● **Aim of the task**: Could you set down the listing below exactly and omit its images?

● **Information given**:
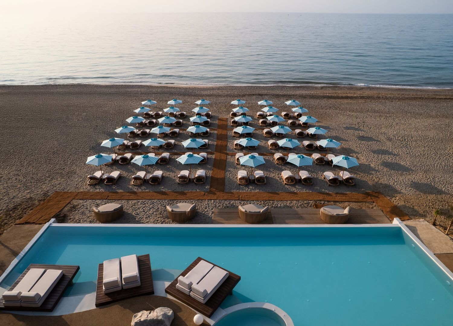 From the moment you step in, Uzenie invites you to let the abundance of nature encompass you fully as you relax and unwind in its sustainably repurposed all-day beach club, restaurant, gym, spa offering exceptional treatments utilizing Cretan herbs, or one of its 50 suites that combine earthen materials, with a particular focus on the naturally tranquil element of water, the verdant surrounding that also serve as natural borders between each suite, and unobstructed luxury.
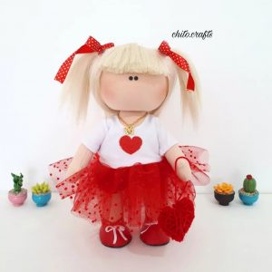عروسک کاملا دستساز متریال استفاده شده کاملا با کیفیت جنس بدن پارچه محکم و ضخیم جنس کفش چرم موی مصنوعی باکیفیت خارجی و قابل شانه کردن قابل ایستایی قد عروسک 28 سانت
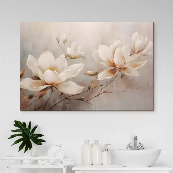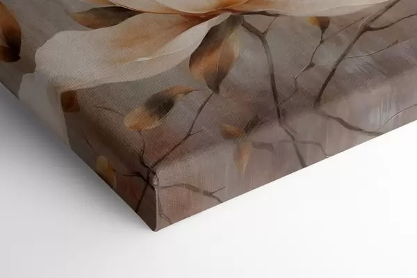 Quadri Fiori di magnolia bianchi e testurizzati su rami in uno sfondo marrone chiaro Nr s44869
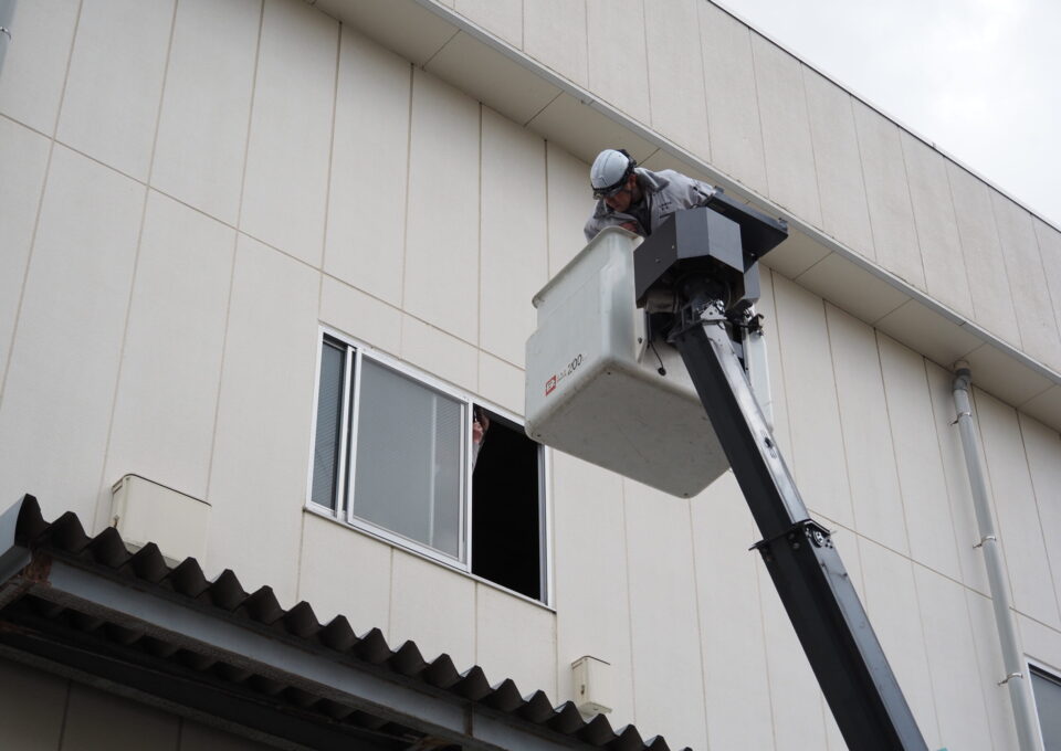 出窓のガラス交換は外部作業を伴いますので、足場が架かっているタイミングでの工事となりました
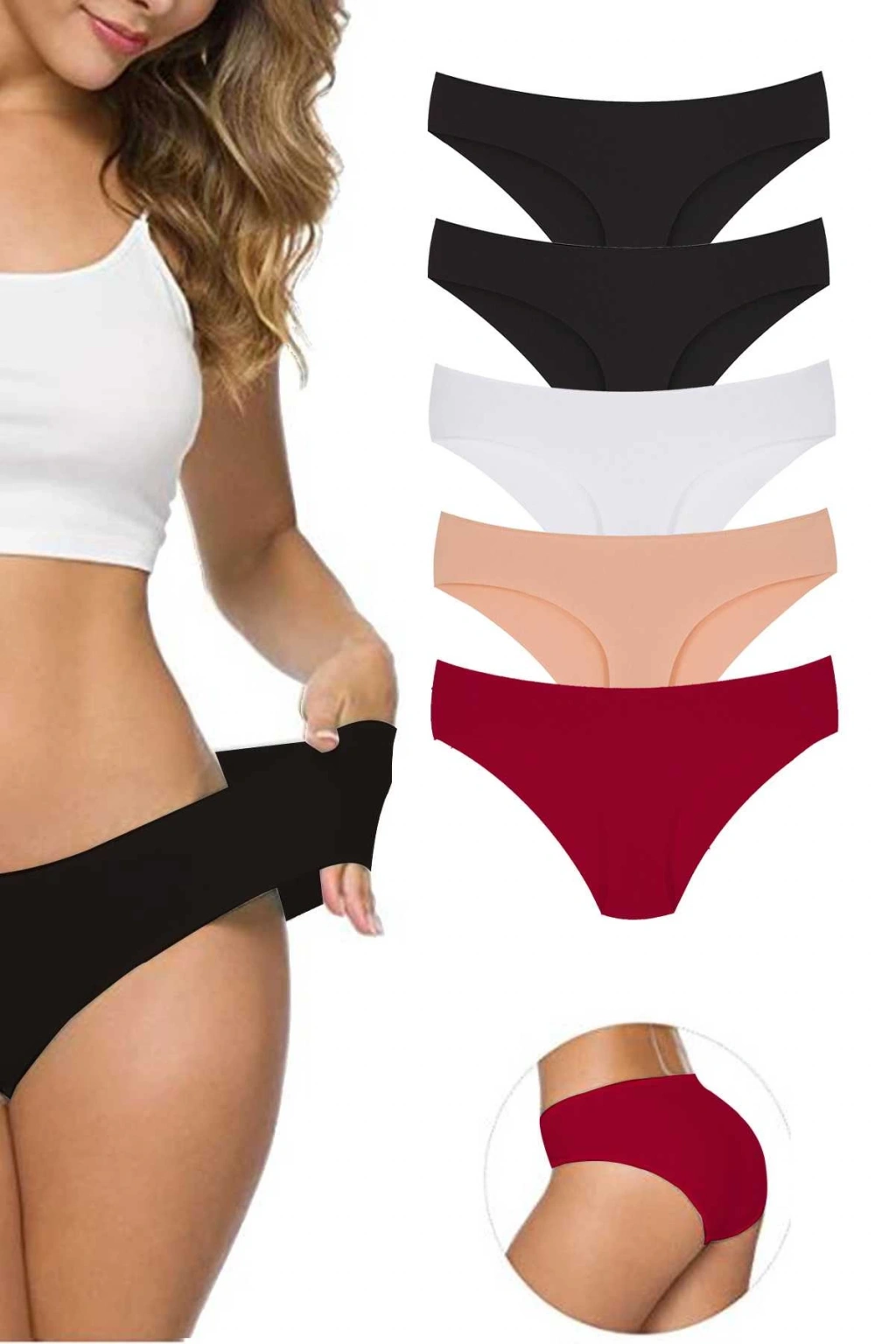 5 Adet Kadın Dikişsiz Lazer Kesim Esnek İz yapmayan Külot S5
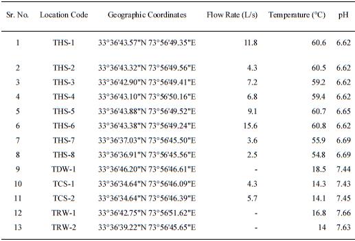 Authors are grateful to the Biochemistry Department (Quaid-i-Azam University, Islamabad), PINSTECH (Pakistan Institute of Nuclear Science and Technology, Islamabad) and PCRWR (Pakistan Council for Research in Water Resources, Islamabad) for providing facilities for geochemical analysis of water samples. Special thanks to Mr. Usman (Radiation Physics Lab, COMSATS Islamabad), Mr. Tahir Hussain and Mr. Emadullah Khan (Department of Geology, Abdul Wali Khan University, Mardan, Pakistan) for their valued assistance during field work. Respected reviewer is also acknowledged for his contribution in the improvement of this manuscript.
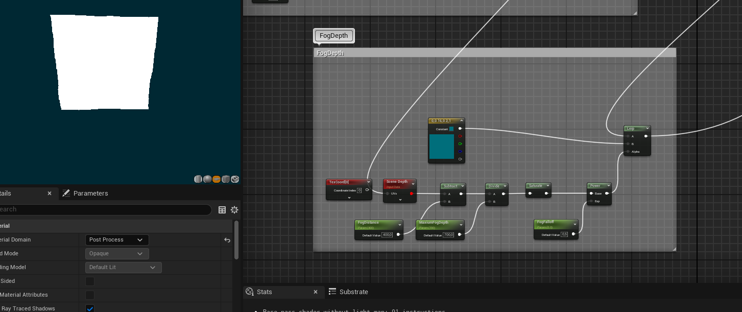 So I am currently working on an underwater scene, experimenting with creating a post-process material to get the underwater look, using scene depth to create a custom fog for the water!
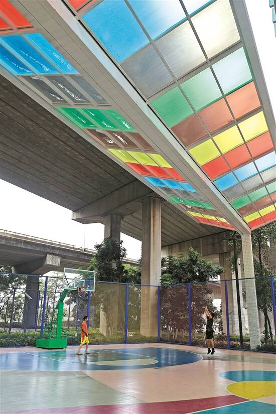 桥下空间变为市民运动场所
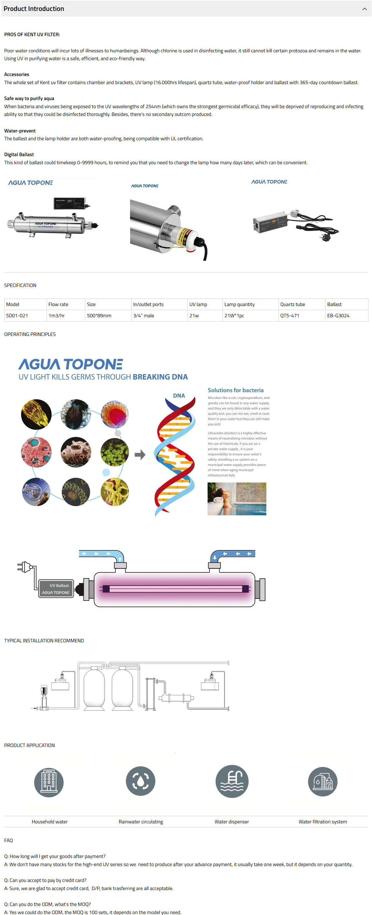 SD01 series, one of our high-end UV aqua llight, is with countdown timer ballast and premiun stainless steel reactor.

● **Output of the task**:
 From the moment you step in, Uzenie invites you to let the abundance of nature encompass you fully as you relax and unwind in its sustainably repurposed all-day beach club, restaurant, gym, spa offering exceptional treatments utilizing Cretan herbs, or one of its 50 suites that combine earthen materials, with a particular focus on the naturally tranquil element of water, the verdant surrounding that also serve as natural borders between each suite, and unobstructed luxury.
عروسک کاملا دستساز متریال استفاده شده کاملا با کیفیت جنس بدن پارچه محکم و ضخیم جنس کفش چرم موی مصنوعی باکیفیت خارجی و قابل شانه کردن قابل ایستایی قد عروسک 28 سانت
 Quadri Fiori di magnolia bianchi e testurizzati su rami in uno sfondo marrone chiaro Nr s44869
 出窓のガラス交換は外部作業を伴いますので、足場が架かっているタイミングでの工事となりました
 5 Adet Kadın Dikişsiz Lazer Kesim Esnek İz yapmayan Külot S5
 Authors are grateful to the Biochemistry Department (Quaid-i-Azam University, Islamabad), PINSTECH (Pakistan Institute of Nuclear Science and Technology, Islamabad) and PCRWR (Pakistan Council for Research in Water Resources, Islamabad) for providing facilities for geochemical analysis of water samples. Special thanks to Mr. Usman (Radiation Physics Lab, COMSATS Islamabad), Mr. Tahir Hussain and Mr. Emadullah Khan (Department of Geology, Abdul Wali Khan University, Mardan, Pakistan) for their valued assistance during field work. Respected reviewer is also acknowledged for his contribution in the improvement of this manuscript.
 So I am currently working on an underwater scene, experimenting with creating a post-process material to get the underwater look, using scene depth to create a custom fog for the water!
 桥下空间变为市民运动场所
 SD01 series, one of our high-end UV aqua llight, is with countdown timer ballast and premiun stainless steel reactor.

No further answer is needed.